= Resilience: Two Sisters and a Story of Mental Illness =

Memoir written by Jessie Close with Glenn Close and Pete Earley

Resilience: Two Sisters and a Story of Mental Illness is a memoir written by Jessie Close with Pete Earley, including some contributions from her sister, actress Glenn Close. This book deals with Jessie Close's mental health issues. The book discusses mental illness, abandonment, sexuality, substance abuse, and emotional turmoil.

== Summary ==
Jessie was the youngest of four children to a nurse and a physician. When Jessie was little, her parents joined the Moral Re-Armament (MRA). Her parents became missionaries for the movement, leaving the children with an MRA nanny. This is where Jessie's feelings of abandonment began.

The Close family moved to Switzerland, the MRA base . While her two older sisters became MRA members, Jessie rebelled. During this time, the children were constantly guilted for having impure thoughts and forced to repent for their daily sins. Eventually, the Close Parents were stationed in Africa Jessie spent some time there but after an altercation with a boy selling newspapers, she decided to move back to the United States.

As a teenager, she lived in Los Angeles, and got into heavy drinking and substance abuse. She stopped going to class and rebelled against her family. She married a man named Brad and began hosting an illegal radio station in United States. Both Jessie and Brad were substance abusers and Brad committed domestic abuse on her. A few years later, Jessie's mom and Glen moved Jessie away from Brad to their home in Wyoming.

In Wyoming, Jessie continued abusing drugs and alcohol. After partying, she would slip into a depressive episode, the lingering of what she would later discover was her bipolar disorder. She married five times throughout her life, each marriage ending due to her mood swings, or her actions during her manic episodes. Jessie attempted to commit suicide three time during her life. She started hallucinating and dissociating. She had two children with her third husband, Tom: Calen and Sander. She also had another child, Mattie, with a different man.

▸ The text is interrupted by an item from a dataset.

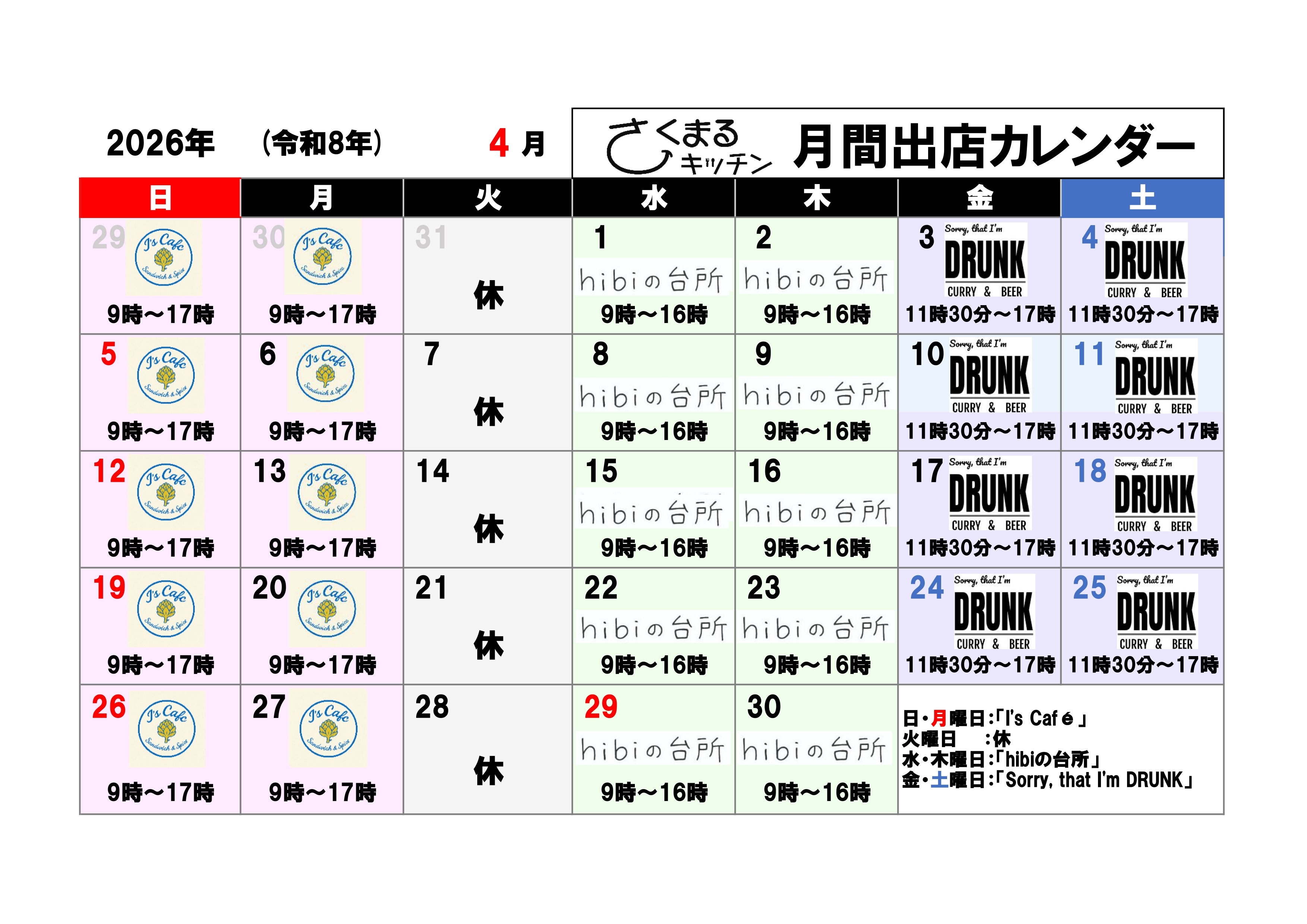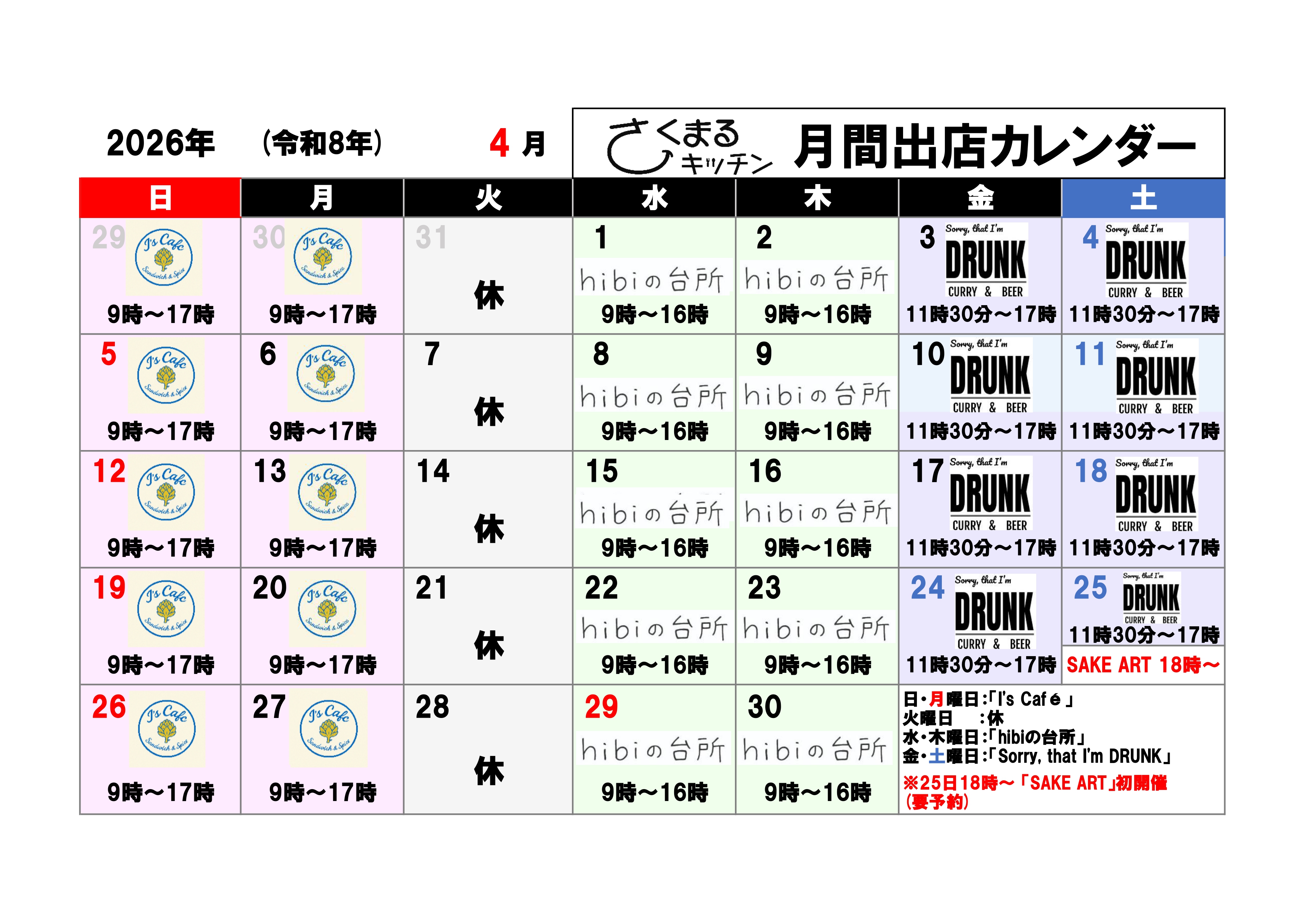 ★お知らせ 2026年4月のカレンダーできました!

In high school, Calen was diagnosed with schizoaffective disorder and was hospitalized. With medication, Calen improved and was discharged. Meanwhile, Jessie was experiencing intense mood swings. After being hospitalized, she was diagnosed with Bipolar 1 Disorder with psychotic features. She was placed on medication, and her suicidal ideation lessened. She finally began improving.

== Critical reception ==
The book was reviewed by Kirkus, Publishers Weekly, and USA Today. Kirkus describes it as a "harrowing ride" of "courageous personal reflections" despite a "slow start". Publishers Weekly called it "heartfelt" but "belabored and grim." USA Today identifies the writing as clumsy at points, but describes Jessie's life as "spellbinding."